Friday, 7 November 2025
China's secret Area 51 base
In a scorched and sand blasted salt lake on the fringes of the Gobi desert, barely a month seems to go by without a new building going up and more tarmac being laid. It’s a busy time to be at Lop Nur, China’s top secret test base. Both civilian and military observers of satellite images of the facility, however, were startled by what they saw there in August and September. On one day of each month a stealth jet sat in the afternoon sun waiting for a flight at the base known as China’s Area 51, a base specifically chosen for its distance from prying eyes in the remotest corner of remote Xinjiang. The delta-winged J-36, tailless and stealth-designed, and the J-XDS (also known as J-50), similarly shaped but slightly smaller, have emerged as China’s sixth-generation tactical aircraft, not yet operational but preparing to compete with the best of America’s most advanced fighter jets. If the planes that fly from the base are in direct competition and possible confrontation with the Pentagon’s finest, Lop Nur shares many similarities with Area 51, erected from a barren lake bed in the Nevada desert. Close to where China has carried out nuclear tests, Lop Nur has what is thought to be the longest runway in the world, over three miles long. Run by the People’s Liberation Army Air Force (PLAAF), it is considered to be where China’s home for the equivalent of US air force “black” (classified) test flights, often using the most advanced aircraft.
The CIA’s U-2 spy plane and the US Air Force’s first stealth fighter, the bat-winged F-117 Nighthawk, were test flown at Area 51, for example. In Nevada, notices near the perimeter of Area 51 warn that it is a restricted base and that guards are authorised to use “deadly force” against trespassers. Lop Nur takes this a step further, warning that anyone trying to steal secrets “will be killed”. Like Area 51, it is prohibited to fly over Lop Nur. But both bases, can be photographed by satellites. Why, then, would the Chinese military have its latest jets out on the tarmac when they can clearly be seen? In the Cold War days, in the Soviet Union, for example, any top secret aircraft would be quickly housed in shelters when the next US satellite was due to fly overhead. Today, there are multiple eyes in low orbit, including many US and commercial satellites. “Leaving these aircraft out in the open means the Chinese don’t mind them being spotted by passing satellites. It’s a way of showing off what they’ve got, even though Lop Nur base could well be described as an Area 51,” Douglas Barrie, an aerospace specialist at the International Institute for Strategic Studies, said.

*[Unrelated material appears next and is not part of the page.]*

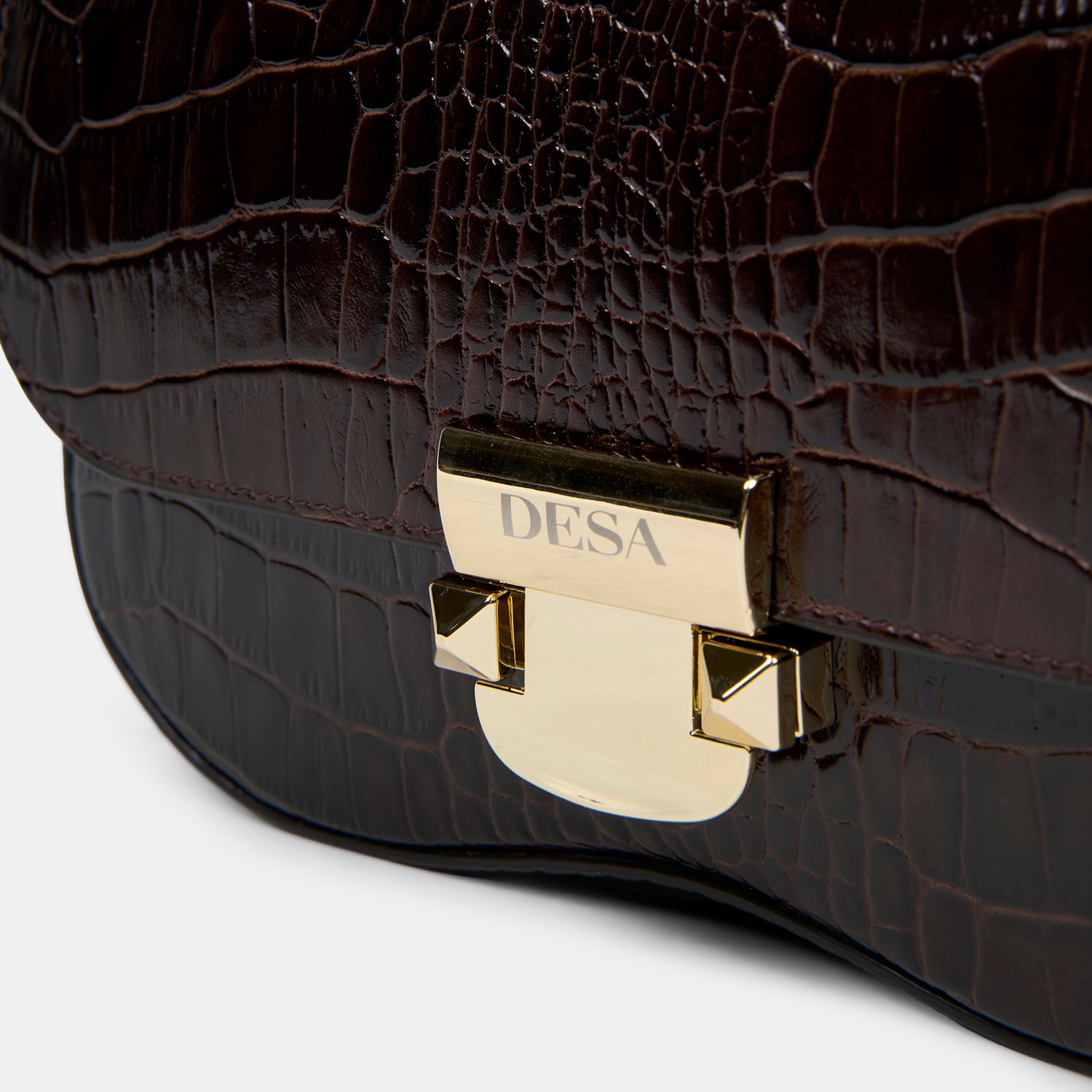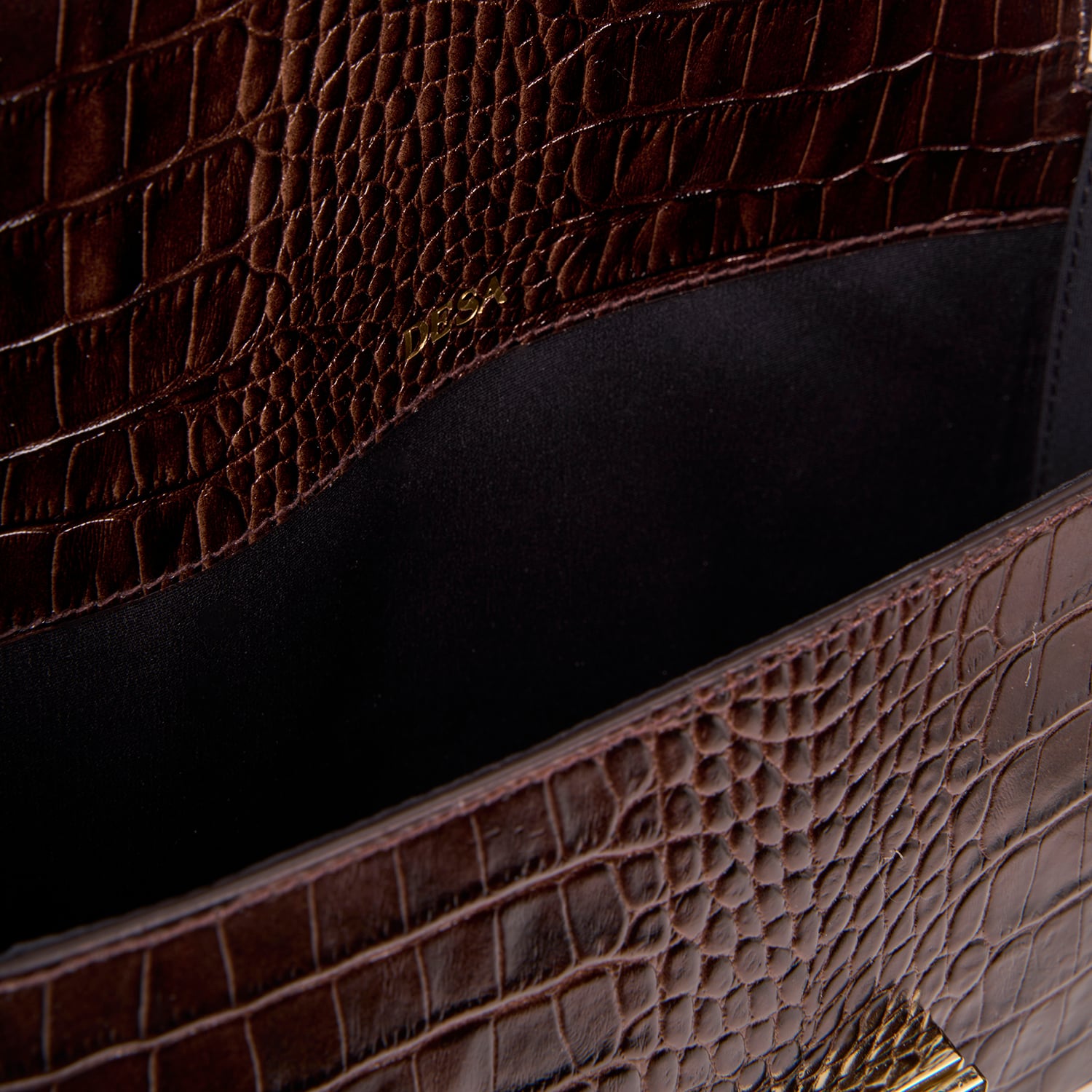 Kroko baskılı dana derisi yüzeyi tasarıma güçlü ve karakterli bir ifade kazandırır.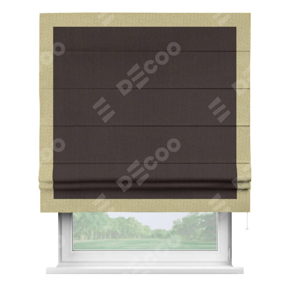 Римская штора пошита из ткани лён димаут венге, артикул: 91001, с отделкой кантом «Чесс» отличается своей уникальной деталью — наличием канта не только по бокам и снизу, но и сверху по всем краям шторы. Это придает шторе особенно аккуратный и завершенный вид, делая акцент на границах и форме шторы. Отделка кантом по всему периметру шторы усиливает её декоративные качества и подчеркивает строгую геометрию, что может быть особенно актуально для современных и минималистичных интерьеров.

The J-36 and J-XDS are part of what the Pentagon says is China’s ambition to challenge US air power in the Indo-Pacific. The J-36 is believed by US intelligence to have been designed to coordinate accompanying unmanned aircraft (drones) in a swarming attack, similar in concept to the Pentagon’s “Loyal Wingman” programme in which AI-operated drones would fly alongside the US Air Force’s F-35 stealth fighters. Lop Nur is just one of several remote bases where the PLAAF is developing and testing a next-generation fleet of combat fighters, bombers and attack drones. The military parade in Beijing’s Tiananmen Square in September included an unmanned stealth fighter, the largest drone on display, although it could have been a mock-up rather than a fully-formed aircraft. While China’s most advanced drones under development are being tested at other bases, including Malan in the Xinjiang region, and at a high-altitude testing site at Ngari in Tibet, key flight tests of the new combat aircraft, J-36 and J-XDS, appear to be taking place at Lop Nur.
“But there are plenty of other things which we know they are developing but have never been seen, such as a subsonic, low observable stealth bomber. That’s hidden away,” added Barrie. In the 1980s, the PLAAF was “a museum air force”, stuffed with old Soviet aircraft, he said. “So they’ve covered a lot of ground since then and now have military aircraft which are broadly comparable with the US, but the one thing they don’t have is combat experience. The last war they fought was in the 1970s in Vietnam.” However, China hasn’t totally caught up, particularly with carrier-borne aircraft. The PLAAF is developing the J-35 for its burgeoning carrier fleet. “China currently has a very old aircraft for their carriers, the J-15, which is terrible. It’s the heaviest and lowest thrust-to-weight-ratio carrier-borne aircraft in the world,” said Eric Heginbotham (CORRECT), a specialist in Asian security issues at MIT university in Cambridge, Massachusetts. “The US has the stealth F-35C on carriers, so we’re well ahead of China,” he said. “But what is concerning is China’s development of ISR (intelligence, surveillance and reconnaissance) drones which can be used to spot US carriers and other warships and send back coordinates for their huge stock of anti-ship ballistic missiles,” Heginbotham added. “They would act as the eyes and ears for missile launches. We know the Chinese are developing these on a large scale. The US is ahead of the Chinese in terms of ISR drones, but they are very expensive. The Global Hawk long-range drone which has just been retired cost around $120 million a copy, and the new RQ-180 ISR unmanned vehicle which is still under development is going to cost even more.”